WHAT YOU HAVE TO DO
Set down, exactly as written, the line containing "西南科技大学党委书记、乐鱼在" and all the lines that follow it to the end of the entries below, omitting every picture.

-- Opening Marker --

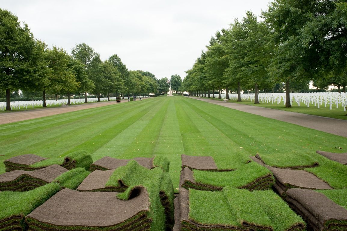 Vanwege de grote oppervlakte van het te vervangen gras koos de Amerikaanse begraafplaats voor Big-Slabs van Kuypers Graszoden in Biezenmortel. Deze brede gevouwen zoden van een meter breed en maximaal 50 meter lang werken tijdbesparend op een dergelijk project. Voor de productie van de Big-Slabs gebruikt Kuypers het graszodenmengsel van Advanta dat in korte tijd een dichte, goed snijdbare zode vormt.
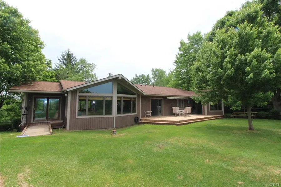 This spectacular home perched on 17 acres of total privacy has it all. The expansive windows throughout capture the breath-taking vistas of Cross Lake and mother nature in all her glory. The enclosed porch, deck, and patio overlook the in-ground pool with new liner. Association membership offers members only access to 1200 of waterfront, an additional 8 acres of private beaches, picnic areas, boat launch, and personal dock space on Cross Lake and Seneca river! The list of improvements is impressive: completely remodeled kitchen with solid surface counters, maple cabinets, new fixtures, island with butcher block top, ceramic backsplash and high end Profile Stainless Steel appliances; new bath taken to the studs includes jacuzzi tub, new vanity, shower and updated fixtures; Additional updates include roof, hot water heater, washer/dryer, garage doors, generator, air conditioning, vinyl siding, landscaping, automatic sun setter awning. vinyl siding, and freshly painted interior. The master suite with French doors and two additional areas is outstanding. The central location means you are just 15-20 minutes from Syracuse, Auburn, Skaneateles, and the NYS thruway.
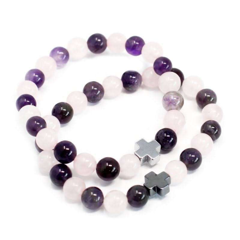 Bransoletki przyjaźni - Miłość - Ametyst, Różowy Kwarc. Wymiary 10 x 4 x 3 cm. Zestaw 2 sztuk wysokiej jakości elastycznych bransoletek. Podaruj jedną i zachowaj drugą, aby uczcić specjalną więź przyjaźni. Biżuteria wykonana z kamieni szlachetnych: ametystu oraz różowego kwarcu.
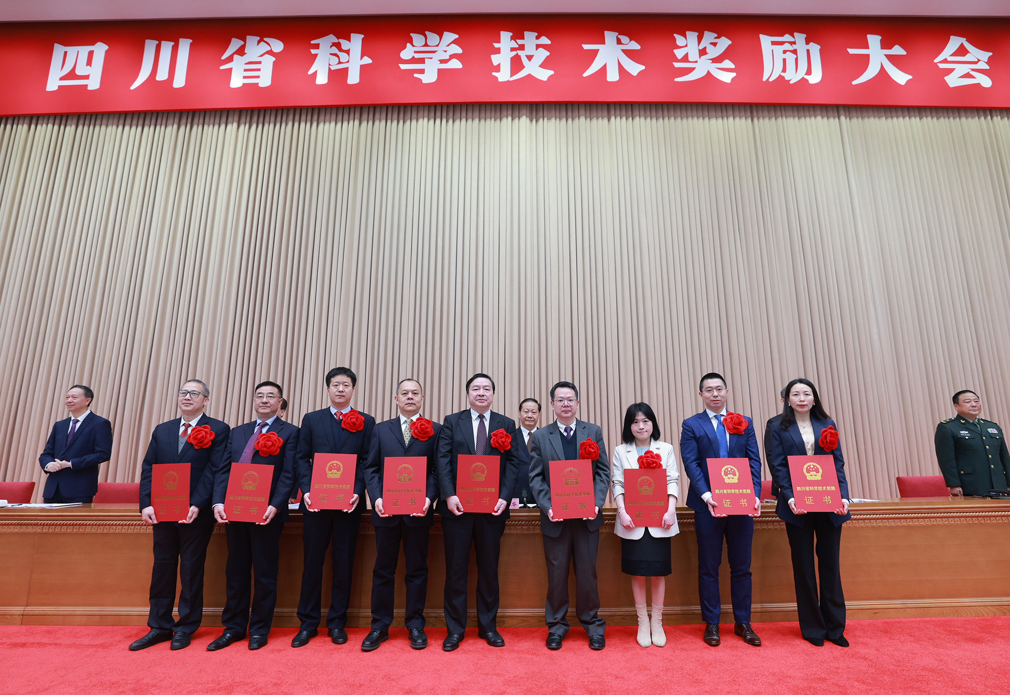 西南科技大学党委书记、乐鱼在线平台水利系双聘教授、研究院清洁能源中心首席科学家陈永灿作为项目负责人接受颁奖(前排左五)
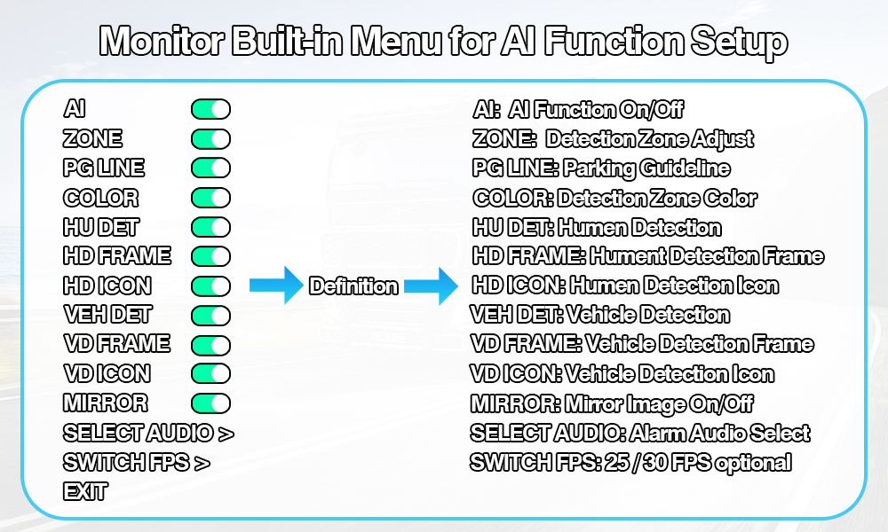 7 Inch HD Car Monitor AI Pedestrian Detection BSD System

-- Closing Marker --

YOUR RESPONSE
 西南科技大学党委书记、乐鱼在线平台水利系双聘教授、研究院清洁能源中心首席科学家陈永灿作为项目负责人接受颁奖(前排左五)
 7 Inch HD Car Monitor AI Pedestrian Detection BSD System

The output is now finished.